Below are the records; give again exactly the lines from the one containing "(Stamp) on the" through the one containing "2023年2月,在毛澤東等老", leaving out pictures.

=== Data for the task ===
────

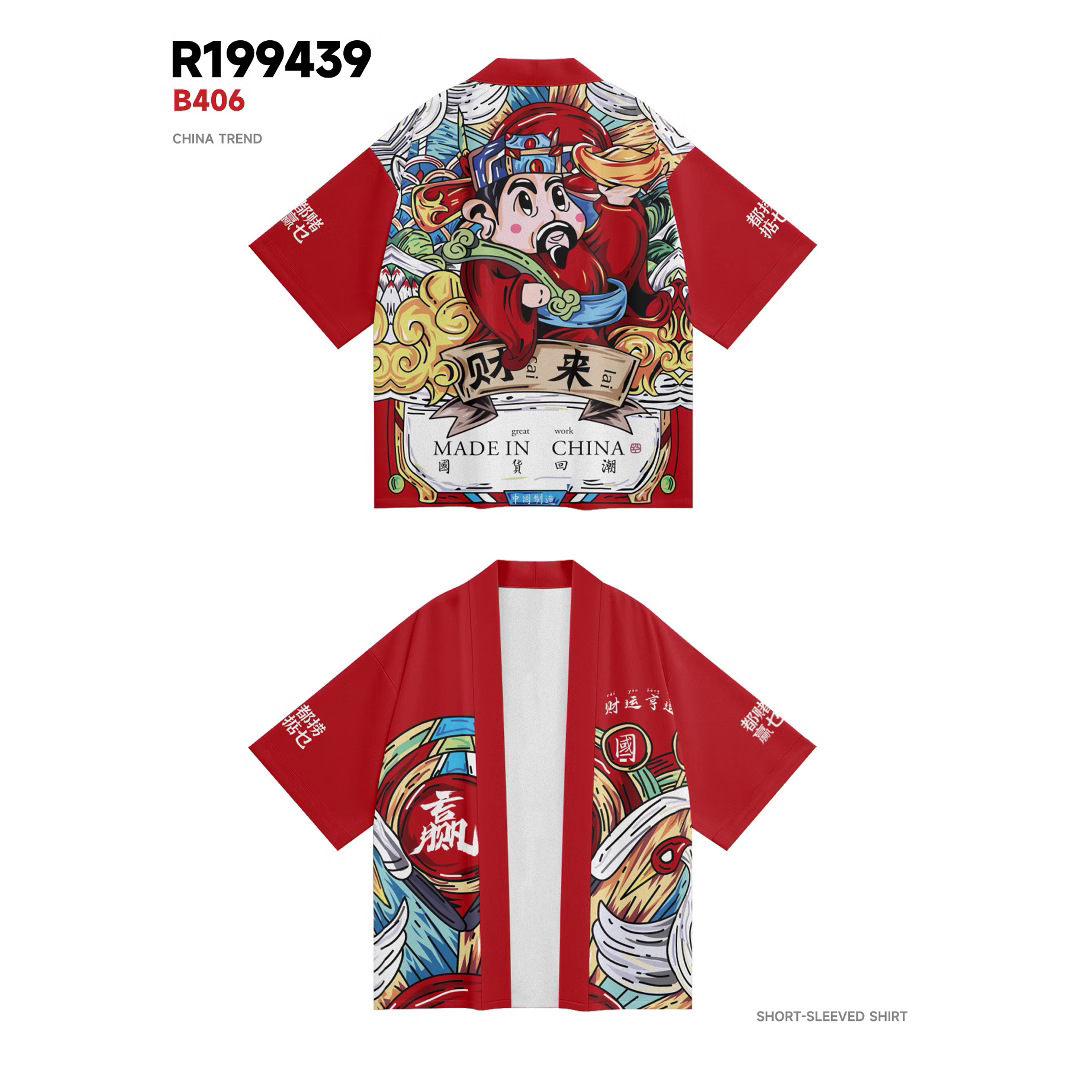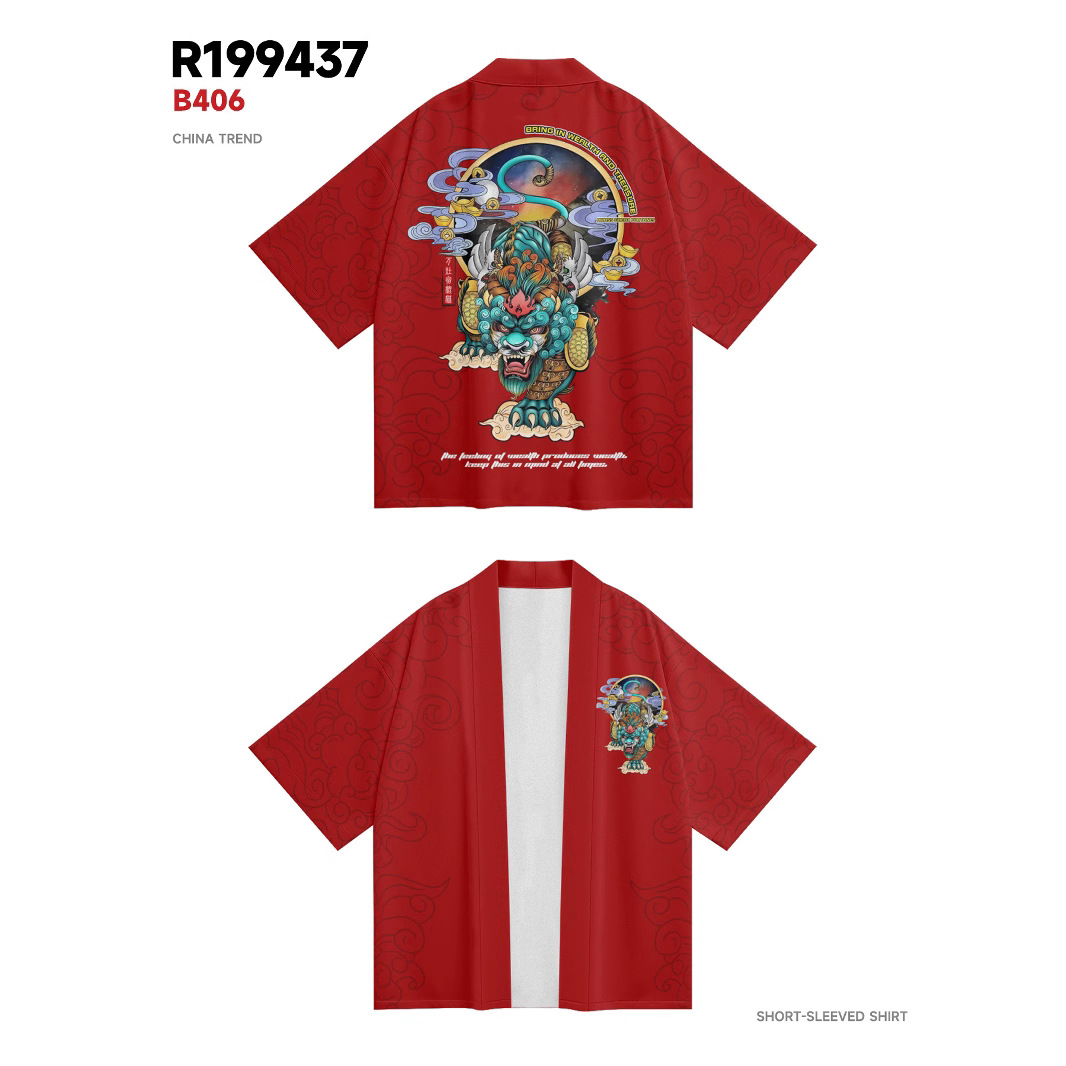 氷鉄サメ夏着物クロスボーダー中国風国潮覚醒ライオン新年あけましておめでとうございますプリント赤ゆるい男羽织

────

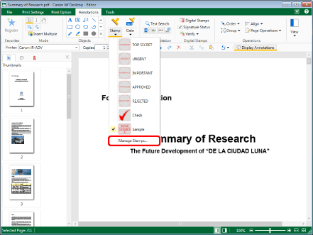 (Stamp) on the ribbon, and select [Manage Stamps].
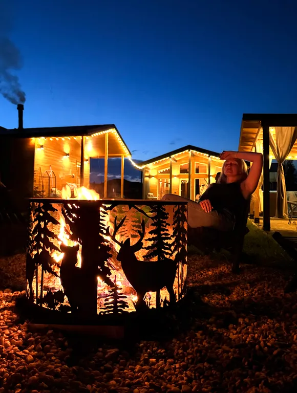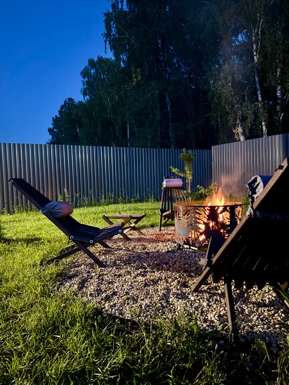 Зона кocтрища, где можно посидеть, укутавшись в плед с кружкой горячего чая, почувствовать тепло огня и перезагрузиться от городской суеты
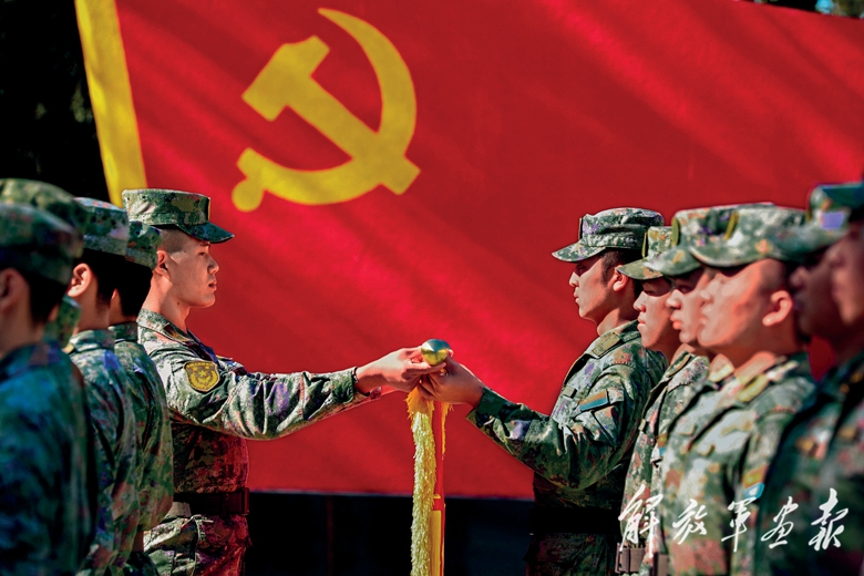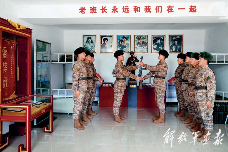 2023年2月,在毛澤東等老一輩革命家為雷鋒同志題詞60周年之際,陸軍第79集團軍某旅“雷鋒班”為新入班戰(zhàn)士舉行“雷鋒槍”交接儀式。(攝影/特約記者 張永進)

────

=== Final answer ===
 (Stamp) on the ribbon, and select [Manage Stamps].
 Зона кocтрища, где можно посидеть, укутавшись в плед с кружкой горячего чая, почувствовать тепло огня и перезагрузиться от городской суеты
 2023年2月,在毛澤東等老一輩革命家為雷鋒同志題詞60周年之際,陸軍第79集團軍某旅“雷鋒班”為新入班戰(zhàn)士舉行“雷鋒槍”交接儀式。(攝影/特約記者 張永進)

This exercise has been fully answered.